----- EXTRACTED DATA
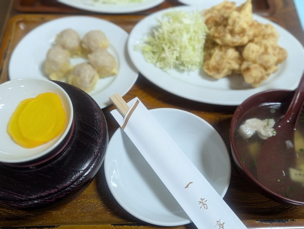 どの定食を頼んでも、シュウマイはついてきます。私たちは「えび天定食」にしました。
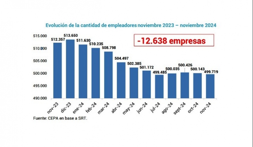 De acuerdo con el trabajo de CEPA, entre noviembre de 2023 y noviembre de 2024, en términos absolutos, se redujo la cantidad de empleadores en 12.638 casos, siendo el “Servicio de transporte y almacenamiento” el sector más afectado, con una pérdida de 2.564 empleadores.
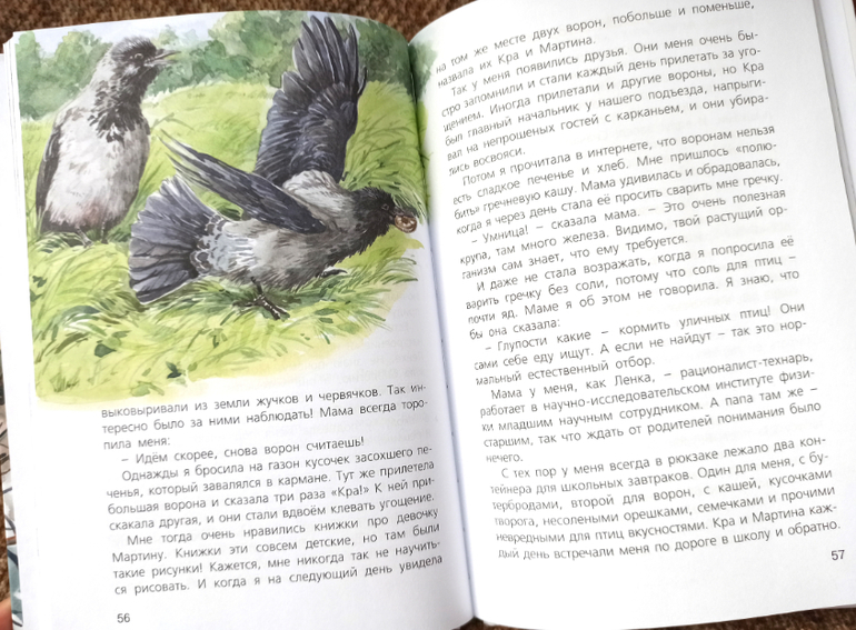 Вторая повесть другая. Здесь героиня пятиклассница, она любит биологию и животных, она много наблюдает за птицами, а особенно за вороньим семейством, живущим во дворе. А читатель наблюдает еще за ее жизнью семейной и школьной, где такая трудная математика.
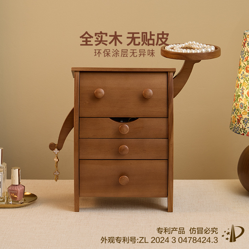 Creative and Cute 2025 New Model Solid Wood Jewelry Box with Large Capacity, Four Layers, Suitable for Gifting, Small Fortune and Prosperity, Wedding Gift
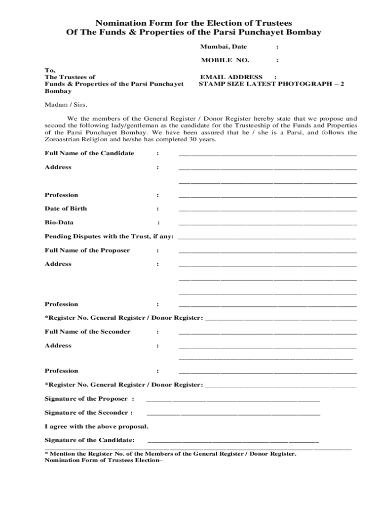 Get the free Nomination Form for the Election of Trustees
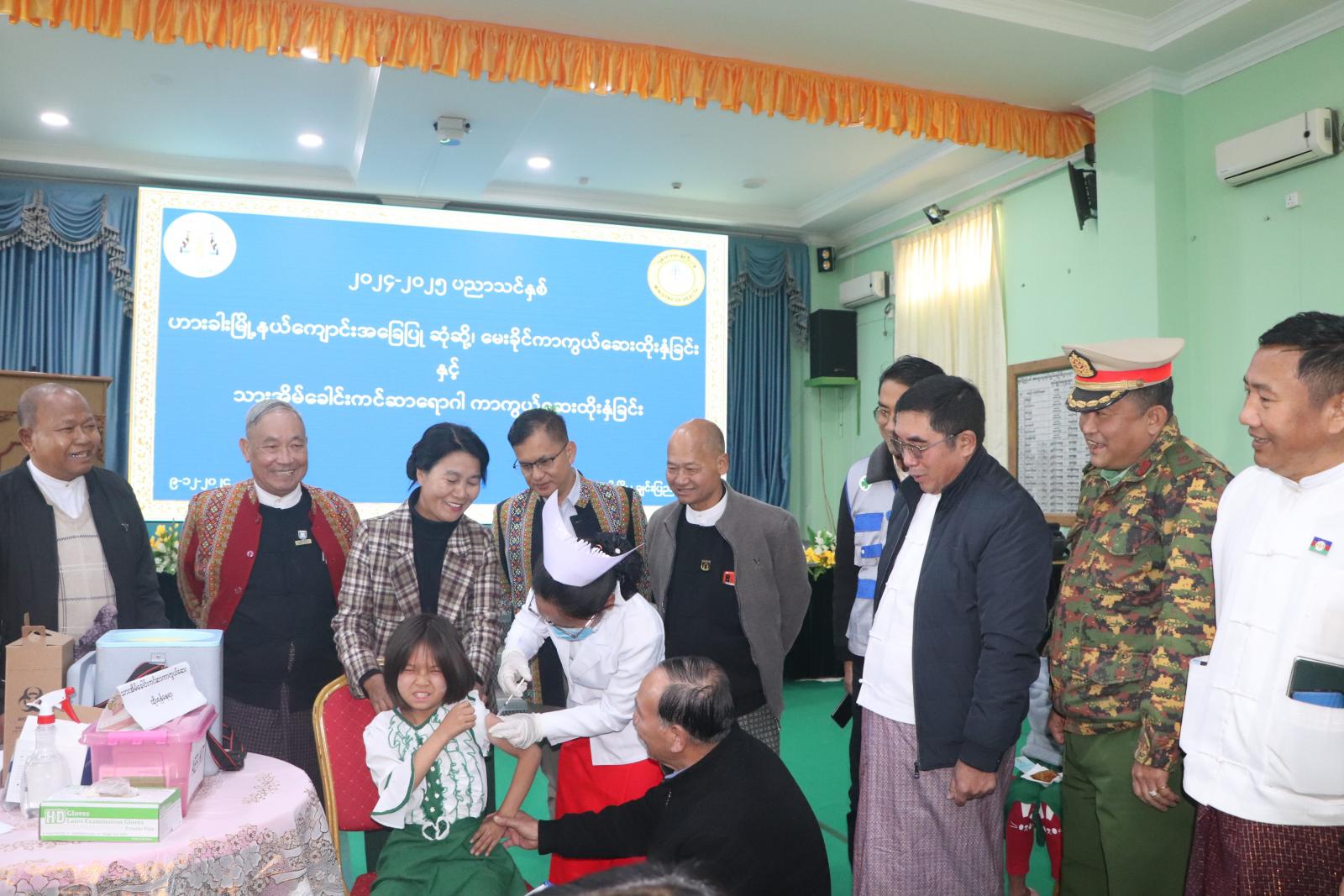 ကာကွယ်ဆေးများကို ချင်းပြည်နယ်၊ ဟားခါးမြို့ရှိ ကျန်းမာရေးဝန်ထမ်းများက ထိုးနှံပေးခြင်းဖြစ်ပြီး ဟားခါးမြို့ပေါ်ရှိ အခြေခံပညာကျောင်းများနှင့် ကိုယ်ပိုင်ကျောင်းများတွင် ပညာသင်ကြားနေသော အသက်(၉)နှစ်မှ (၁၀)နှစ်အရွယ် ကျောင်းသူ(၂၂၄)ဦးကို သားအိမ်ခေါင်းကင်ဆာ ရောဂါကာကွယ်ဆေး၊ အသက်(၅)နှစ်ပြည့်ပြီး (၇)နှစ်မကျော်သော KG ကျောင်းသား၊ ကျောင်းသူ (၃၂၈)ဦးကို ဆုံဆို့၊ မေးခိုင်ကာကွယ်ဆေး ထိုးနှံပေးနိုင်ခဲ့ကြောင်း သိရသည်။
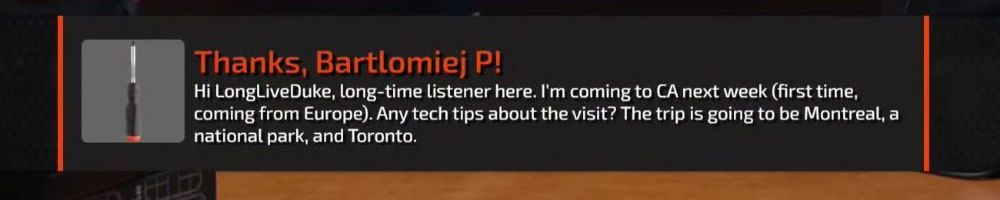 Thanks, Bartlomiej P! Hi LongLiveDuke, long-time listener here. I'm coming to CA next week (first time, coming from Europe). Any tech tips about the visit? The trip is going to be Montreal, a national park, and Toronto.
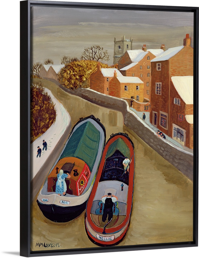 <p>Contemporary painting of two boats in a canal in the city.</p>
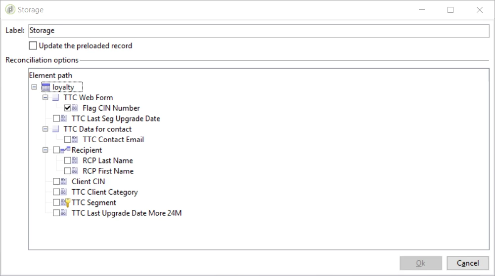 What am I looking for, when the customer check the checkbox for the condition and click on the confirmation button, is to store the first data (308406*** call "cinNumber") in some kind of list so I can use it in a workflow later to make an exclusion.
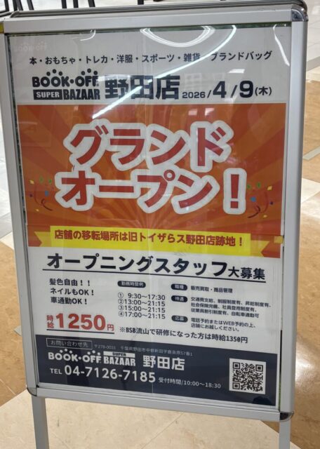 【開店】野田市イオンノア店近くに「BOOKOFF SUPER BAZAAR 野田店」が4/9(木)オープン!
----------
Repeat the listing above up to and including the line with "Get the free", starting from its first line. Drop any pictures.

» OUTPUT BELOW:
 どの定食を頼んでも、シュウマイはついてきます。私たちは「えび天定食」にしました。
 De acuerdo con el trabajo de CEPA, entre noviembre de 2023 y noviembre de 2024, en términos absolutos, se redujo la cantidad de empleadores en 12.638 casos, siendo el “Servicio de transporte y almacenamiento” el sector más afectado, con una pérdida de 2.564 empleadores.
 Вторая повесть другая. Здесь героиня пятиклассница, она любит биологию и животных, она много наблюдает за птицами, а особенно за вороньим семейством, живущим во дворе. А читатель наблюдает еще за ее жизнью семейной и школьной, где такая трудная математика.
 Creative and Cute 2025 New Model Solid Wood Jewelry Box with Large Capacity, Four Layers, Suitable for Gifting, Small Fortune and Prosperity, Wedding Gift
 Get the free Nomination Form for the Election of Trustees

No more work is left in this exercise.